Le Conseil a adopté son orientation générale à la majorité qualifiée après dix-neuf mois de discussions et lors du quatrième débat ministériel sur cette réforme à long terme. Les discussions en trilogue avec le Parlement européen, qui a adopté sa position le 15 février, vont pouvoir rapidement commencer, afin de parvenir à une adoption de la réforme avant 2018.

La question des annulations de quotas

La Présidence maltaise proposait un compromis visant à une annulation en une fois d’un certain nombre de quotas. C’est finalement une solution proposée par la République tchèque qui a réussi à emporter le vote positif, avec le principe d’une annulation annuelle, à partir de 2024, des quotas excédentaires.

Le facteur de correction intersectoriel

Pour éviter d’utiliser ce mécanisme, dont certains pays craignaient qu’il ne pénalise les entreprises énergivores les plus performantes, la solution retenue a été de maintenir à 57 % la part de quotas mis aux enchères, contre 43 % de quotas gratuits, selon le projet initialement proposé par la Commission. Toutefois, en cas de déclenchement du facteur de correction intersectoriel, la possibilité serait ouverte de réduire jusqu’à 2 % la part des quotas mis aux enchères pour assurer la disponibilité d’un nombre suffisant de quotas gratuits.

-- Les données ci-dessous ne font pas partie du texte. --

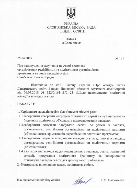 В Славянске Донецкой области городской отдел образования опубликовал приказ о недопущении вовлечения и участия в мероприятиях, организованных религиозными и политическими организациями, работников и учащихся учреждений образования.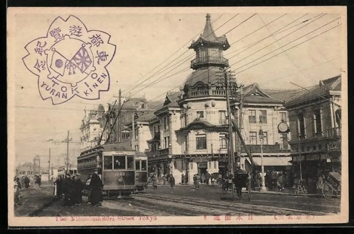AK Tokyo, The Nihonbashitori Street, Strassenbahn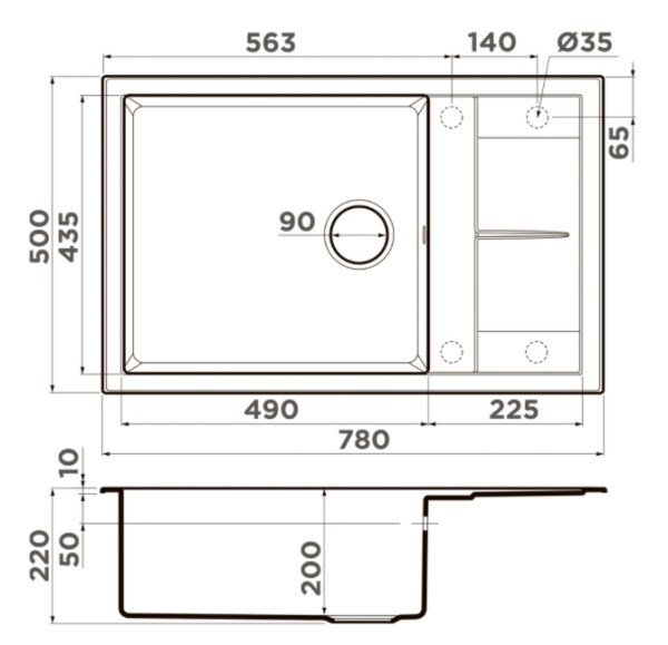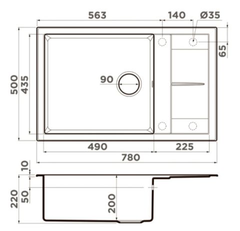 • Материал выдерживает высокие температуры до 280°С (но не стоит ставить на поверхность мойки горячие сковородки и кастрюли, т.к их температура может достигать 500°С).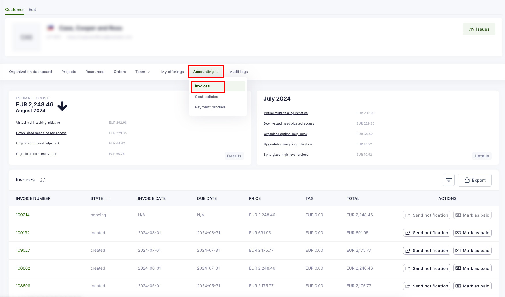 Waldur provides a convenient way to see the invoices issued to the organization. Open the organization dashboard and select “Accounting” from the top menu and then “Invoices”. Now you’re able to see all invoices issued to the organization.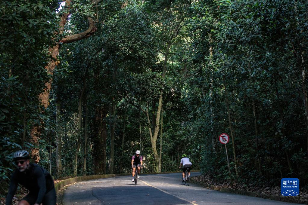 5月20日,運動愛好者在巴西里約熱內盧蒂茹卡國家公園騎行。
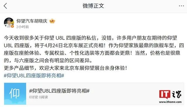 比亚迪仰望销售事业部的总经理胡晓庆在今日发布了一则公告,宣布旗下四座版车型仰望 U8L 将于 4 月 24 日在北京车展上首次展出。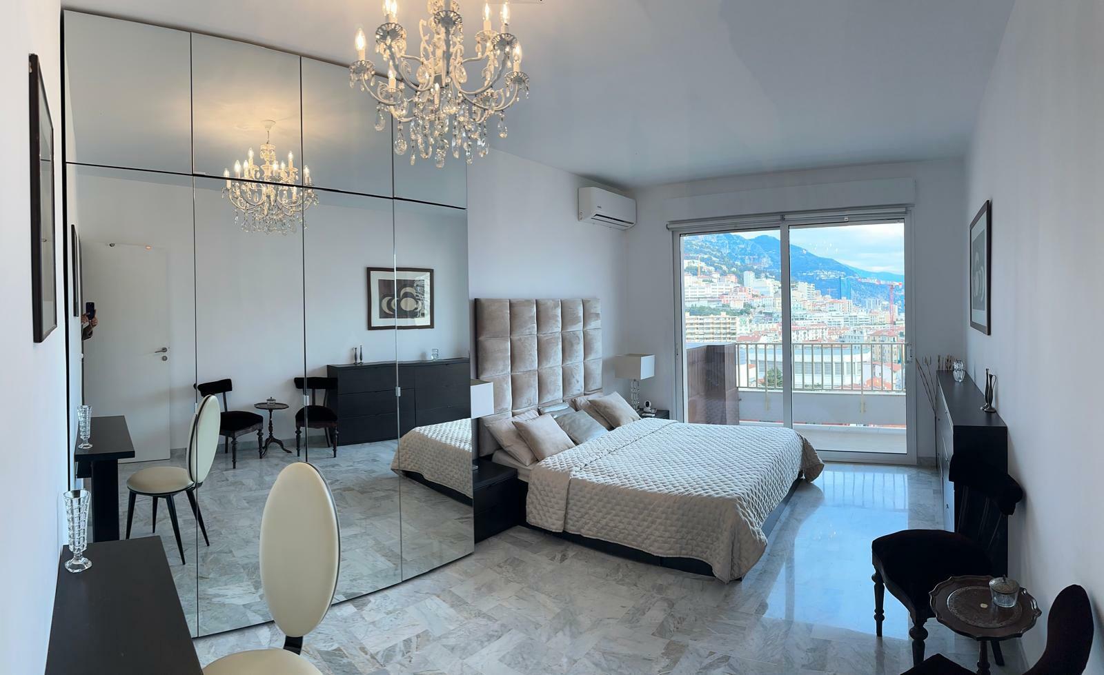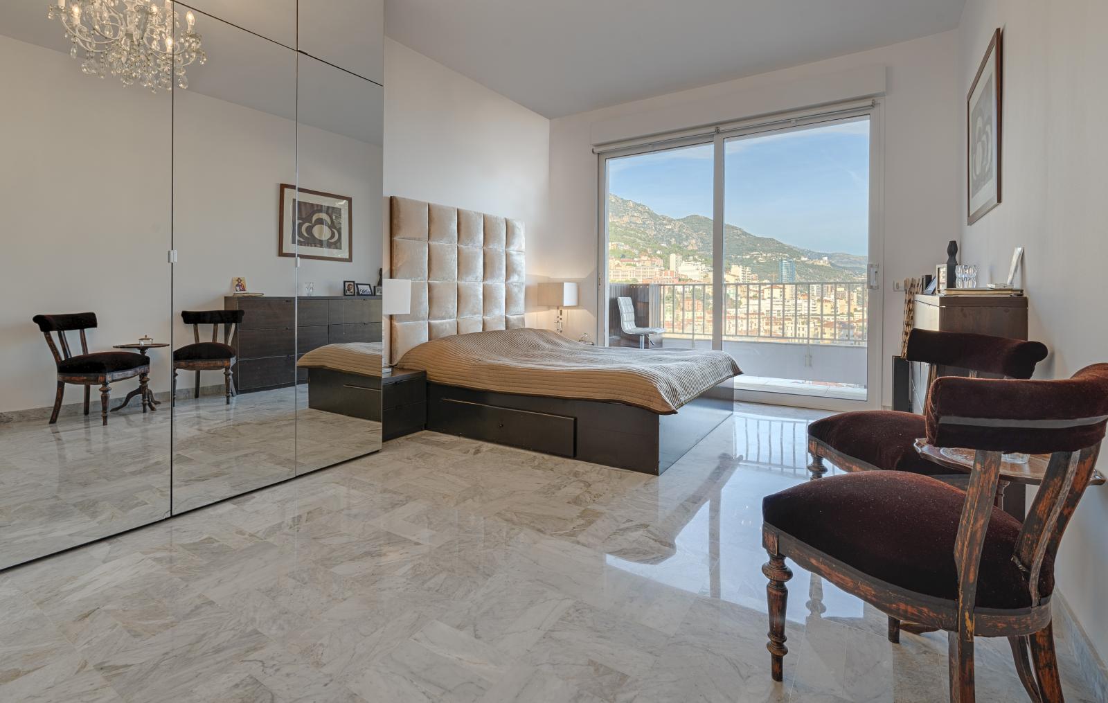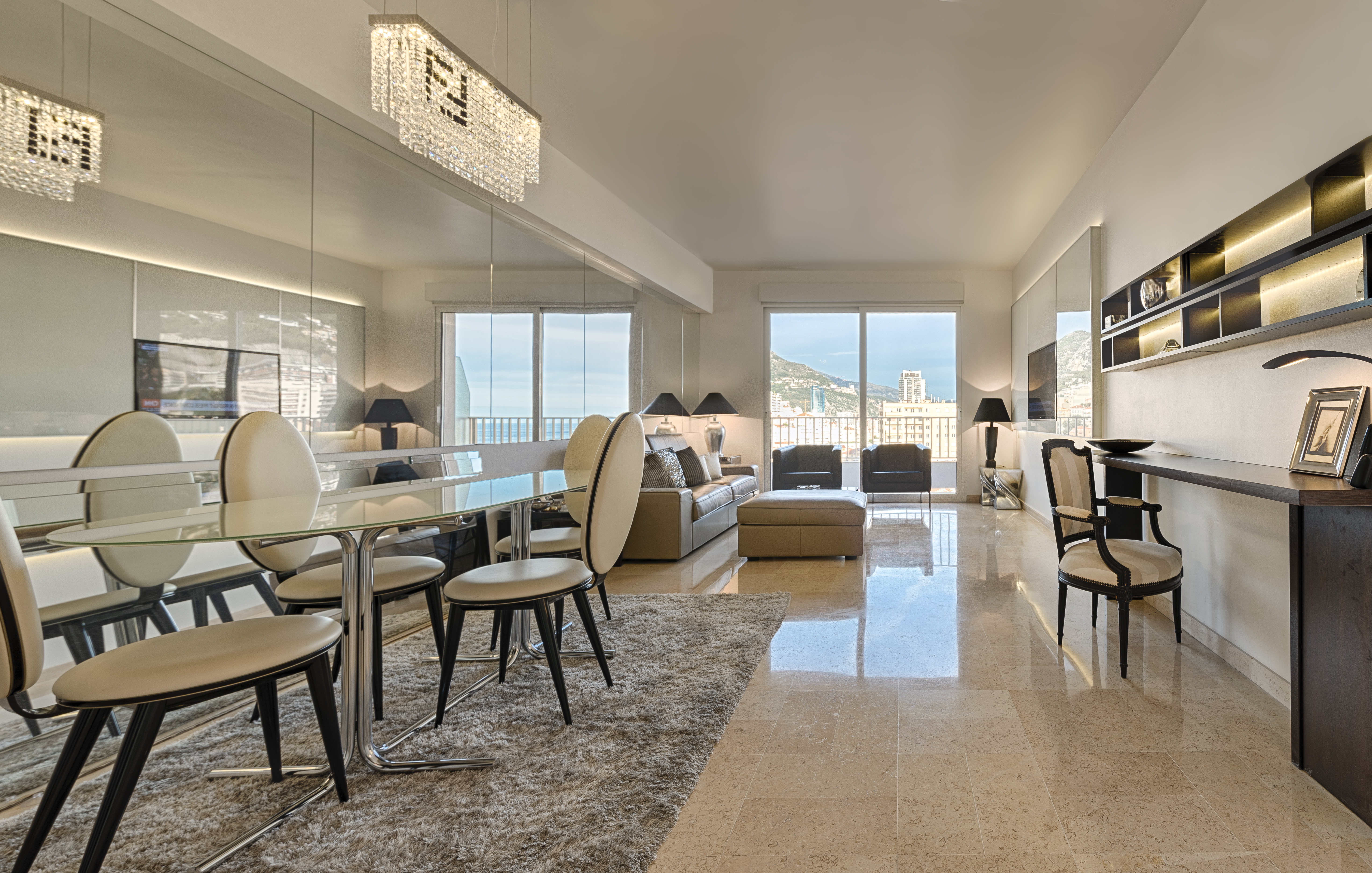 L'appartement est situé dans une rue calme du Jardin Exotique, dans un immeuble dominant la Principauté. Sa terrasse offre un beau panorama sur la mer et le Cap Martin.

Des compromis empreints d’une certaine fragilité

Bien que le ministre maltais du Développement durable, de l’Environnement et du Changement climatique Jose A. Herrera, ait affirmé qu’il n’existait pas de minorité de blocage, dès lors que 19 États membres représentant 71.4 % de la population se sont selon le service juridique du Conseil ralliés au texte, un certain nombre de pays n’ont pas obtenu le compromis adopté. Il s’agit de l’Italie, la Lettonie, la Lituanie, la Roumanie, la Bulgarie, la Hongrie, la Pologne, la Croatie et Chypre. Le texte adopté grâce au compromis tchèque, va désormais être examiné en trilogue, et certaines de ses dispositions affinées.

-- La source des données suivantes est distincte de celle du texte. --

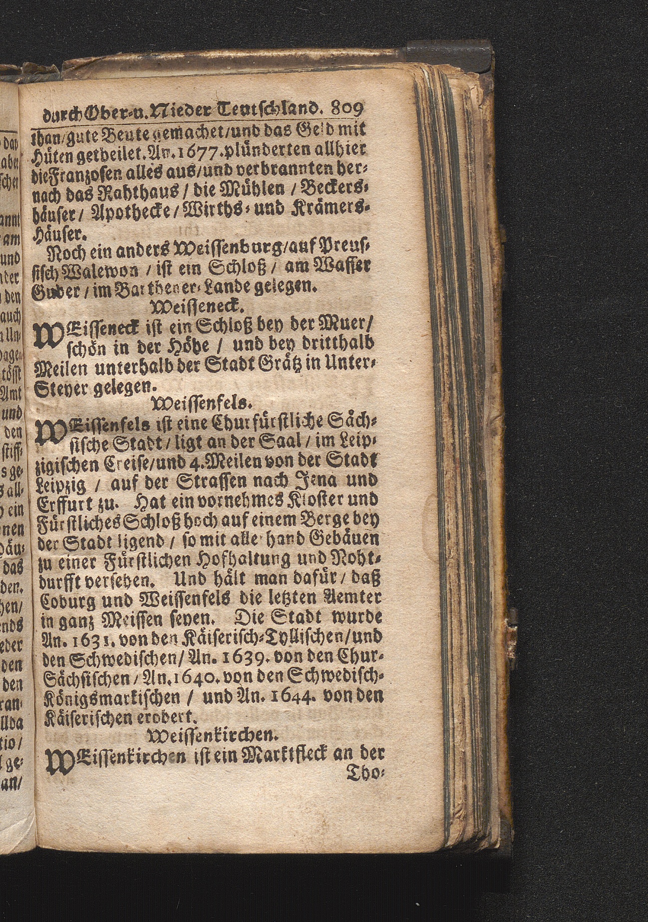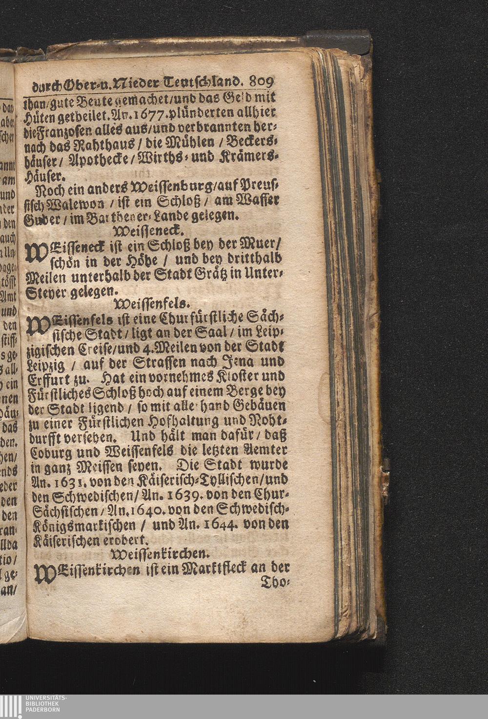 Der getreue Reiß-Gefert durch Ober- und Nieder-Teutschland : Das ist: Grundrichtige und ausführliche Abhandlung derer jenigen Residenzien/ Städte/ Schlösser/ Vestungen/ Städtlein und nahmhafften Markflecken/ welche so wol in Ober- als Nieder-Teutschland/ einem Reisenden sich hin und wieder vorstellig machen und zwar solcher Gestalt/ daß darinn derer Ursprung/ Aufnahm/ Fortification/ Raritäten/ herrliche Gebäue/ und Glück- und Unglücks-Fälle bis auf gegenwärtige Zeit fortgesetzt enthalten. Dabey auch noch über das ein absonderlicher kurz-gefasster Weegweiser angehänget zu finden/ worinnen klärlich zu sehen, wie viel Meilen ein Ort von dem andern entlegen. Alles aus denen bewährtesten Scribenten hervorgesuchet/ zum Nutz-Ergötzen mitgetheilet ...

1 () « Gouverner le climat ?20 ans de négociations internationales », Stefan Aykut, Amy Dahan, Presses de Sciences Po, 2015.

2 () Situation qui devrait changer avec la montée en puissance future d’un marché d’échange de quotas d’émissions chinois.

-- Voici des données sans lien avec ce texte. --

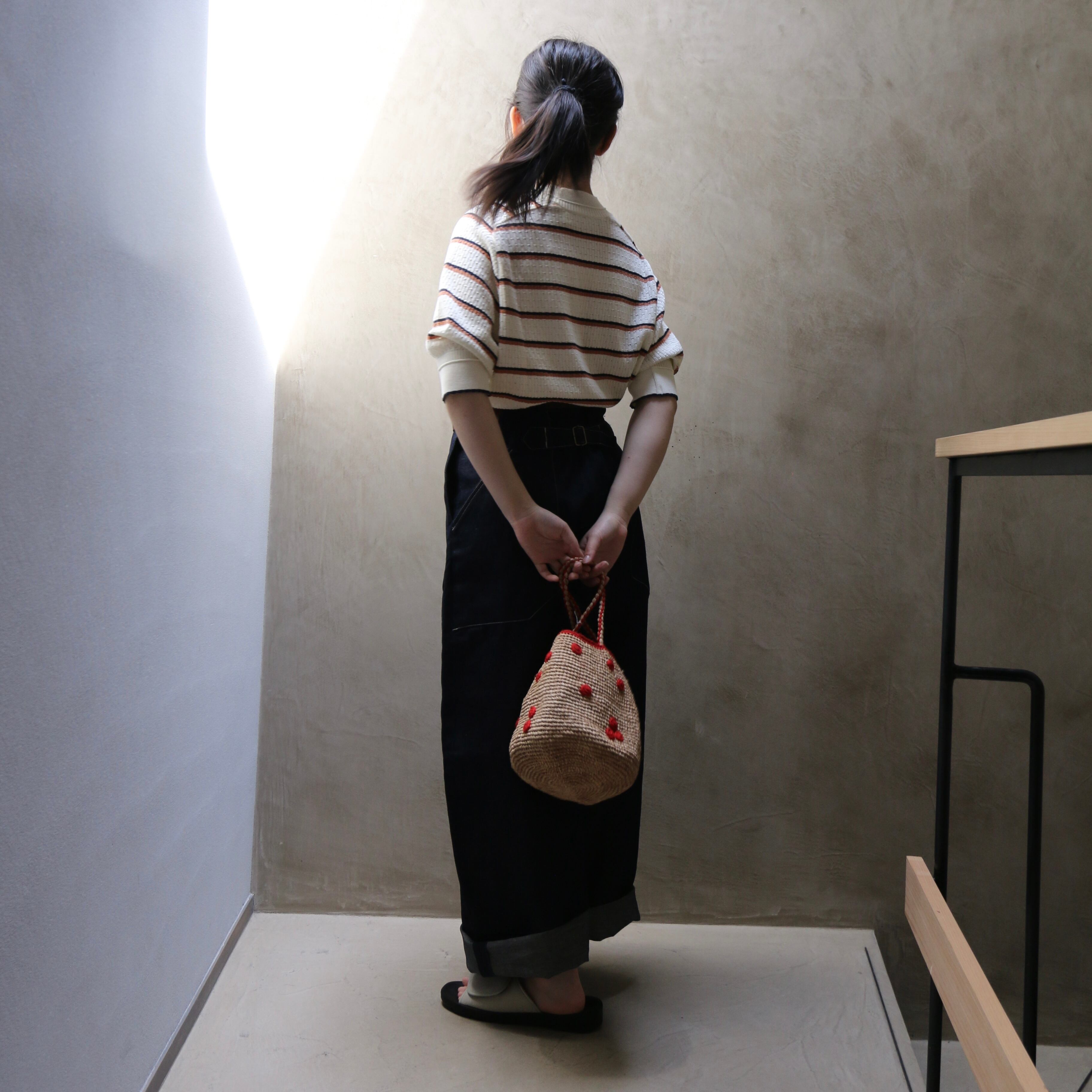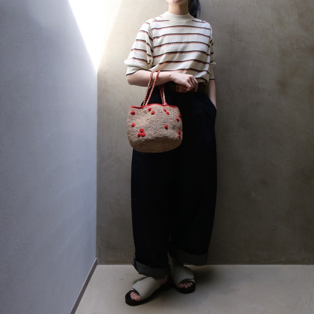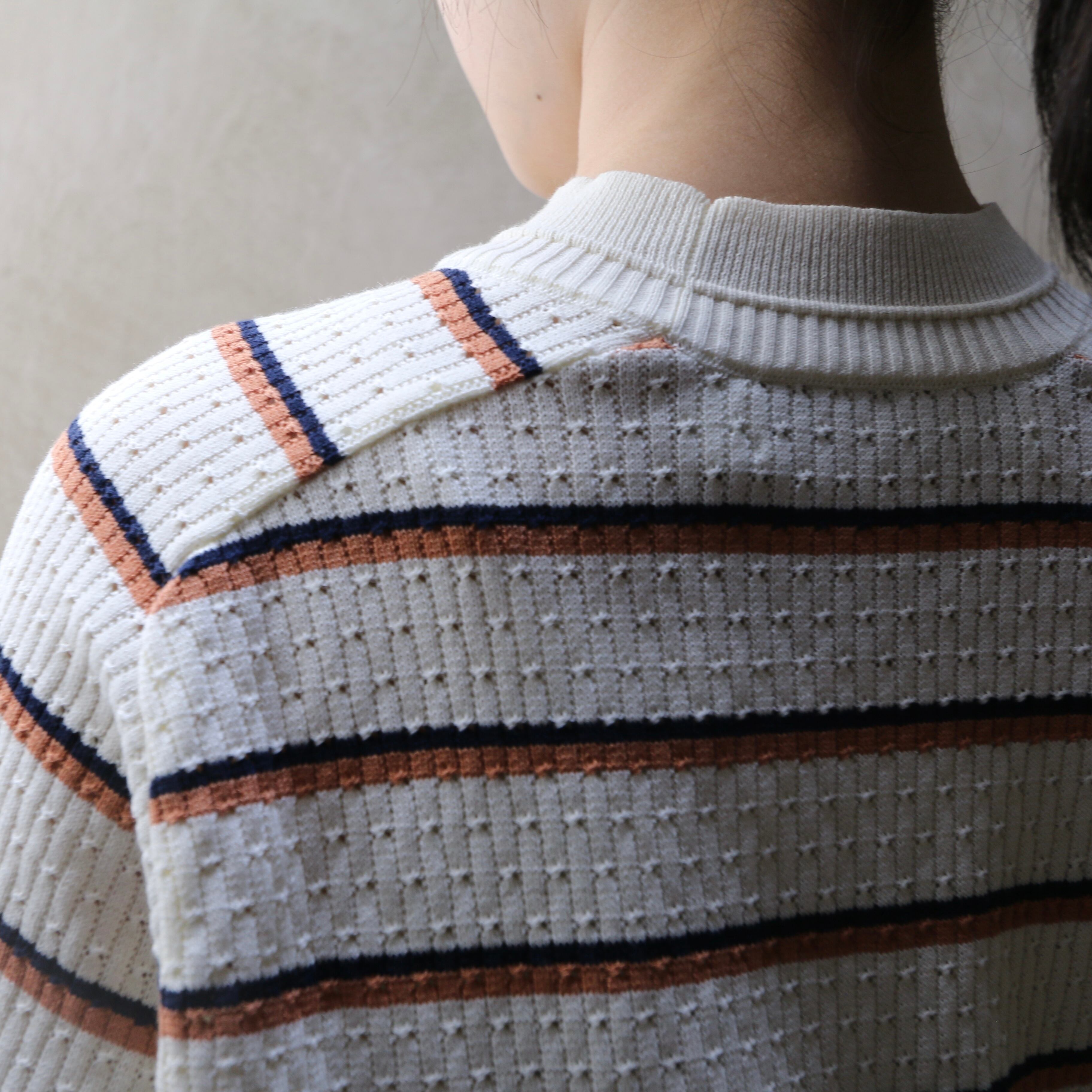 パフスリーブのゆったりとしたニット。ノスタルジックなオリジナルのマルチボーダーとレース柄を組み合わせた柄で作っています。強撚のドライなコットンの糸を使っているので春夏にもサラっと着られるニットです。

3 () Règlement (UE) No 1031/2010 de la Commission du 12 novembre 2010 relatif au calendrier, à la gestion et aux autres aspects de la mise aux enchères des quotas d’émission de gaz à effet de serre conformément à la directive 2003/87/CE du Parlement européen et du Conseil établissant un système d’échange de quotas d’émission de gaz à effet de serre dans la Communauté.

4 () Voir l’article 17 du règlement (UE) n° 525/2013 du Parlement européen et du Conseil du 21 mai 2013.

5 () Définis, pour rappel, selon le double critère d’intensité carbone de la production et d’exposition au commerce international.

6 () Un mécanisme de correction conduisant à diminuer le nombre total de quotas gratuits attribués par les États.

7 () Selon le niveau effectif qui sera réalisé en 2017/2019.